Records from a dataset:
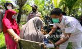 REPUBLIKA.CO.ID, Petugas layanan motor vaksinasi COVID-19 Bhabinkamtibmas Polsek Syamtalira Baru memeriksa kesehatan warga yang akan melakukan vaksinasi COVID-19 di Desa Glong, Aceh Utara, Aceh, Senin (13/6/2022).
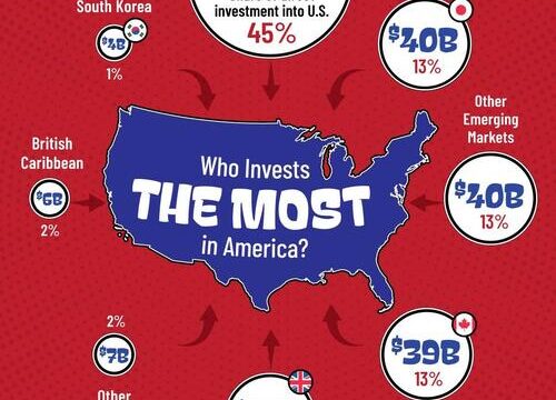 This graphic, via Visual Capitalist’s Kayla Zhu, visualizes foreign direct investment (FDI) into the U.S. by country or region of origin in 2023.
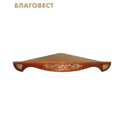 Данное изделие великолепно дополнит интерьер в любой комнате и просто незаменимо при создании небольшого домашнего иконостаса, в «красном» углу Вашего дома. Угловая форма удобна для расположения икон и лампады на небольшом пространстве.
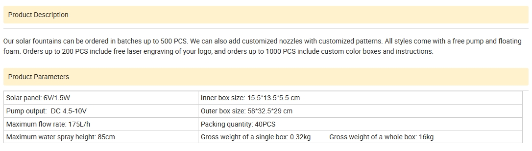 Bewerk fabrieks directe aanbod zonnewaterpomp fontein, zwembadfontein, rubbuurfontein, vissentankwatercirculatie
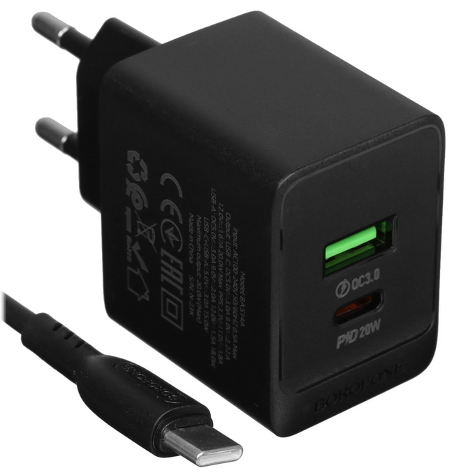 СЗУ Borofone BAS14A 1USB+1Type-C 3.0A QC3.0 PD 20W быстрая зарядка Black

WORK TASK: Please retype the lines from the one that contains "Bewerk fabrieks directe" through the final line of the data, both included, without any pictures.

ANSWER:
 Bewerk fabrieks directe aanbod zonnewaterpomp fontein, zwembadfontein, rubbuurfontein, vissentankwatercirculatie
 СЗУ Borofone BAS14A 1USB+1Type-C 3.0A QC3.0 PD 20W быстрая зарядка Black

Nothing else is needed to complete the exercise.